There are holes in the diaphragm through which the oesophagus and the main blood vessels from and to the heart (the aorta and inferior vena cava) must pass. The blood vessels are at the back of the abdomen, just in front of the spine, but the oesophagus enters closer to the front of the diaphragm, through an opening of its own – the hiatus.
To ensure that nothing can slip upwards from the abdomen into the thoracic cavity through the hiatus there are strong muscles within the rim of the hiatus that hold it close to the oesophagus. These muscles are the diaphragmatic crura (from the Latin word for cross). These muscles crisscross around the oesophagus keeping it tightly in position.

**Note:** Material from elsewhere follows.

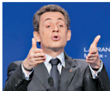
法國總統薩科齊。

奧朗德同日在電視中承諾，令法國在2017年達收支平衡。他稱保證增長應先於緊縮，故會否決削減。他表示，應把增長重新帶回歐洲，更稱「德國不應獨自決定歐洲的方向」。他亦提出增收針對有錢人的「團結」稅項，向收入達100萬歐元(約1,015萬港元)的富人收取75%稅率。

This is an excellent setup, not only for preventing a hernia, but also for ensuring that the external pressure around the lower few centimetres of the oesophagus remains high. Therefore, even if the cardia is a bit inefficient and there is a risk that it may allow stomach contents to reflux up into the oesophagus, this is prevented simply by the high external pressure. This external pressure keeps the oesophagus collapsed until it is opened by the pressure of food and peristalsis. This external pressure applied to the lower part of the oesophagus is probably the most important mechanism for preventing the reflux of stomach acid into the lower oesophagus. When the cardia is pushed up into the chest cavity – as happens with a hiatus hernia – where the pressure around the oesophagus is much lower, then acid reflux from the stomach into the oesophagus becomes the rule, rather than the exception.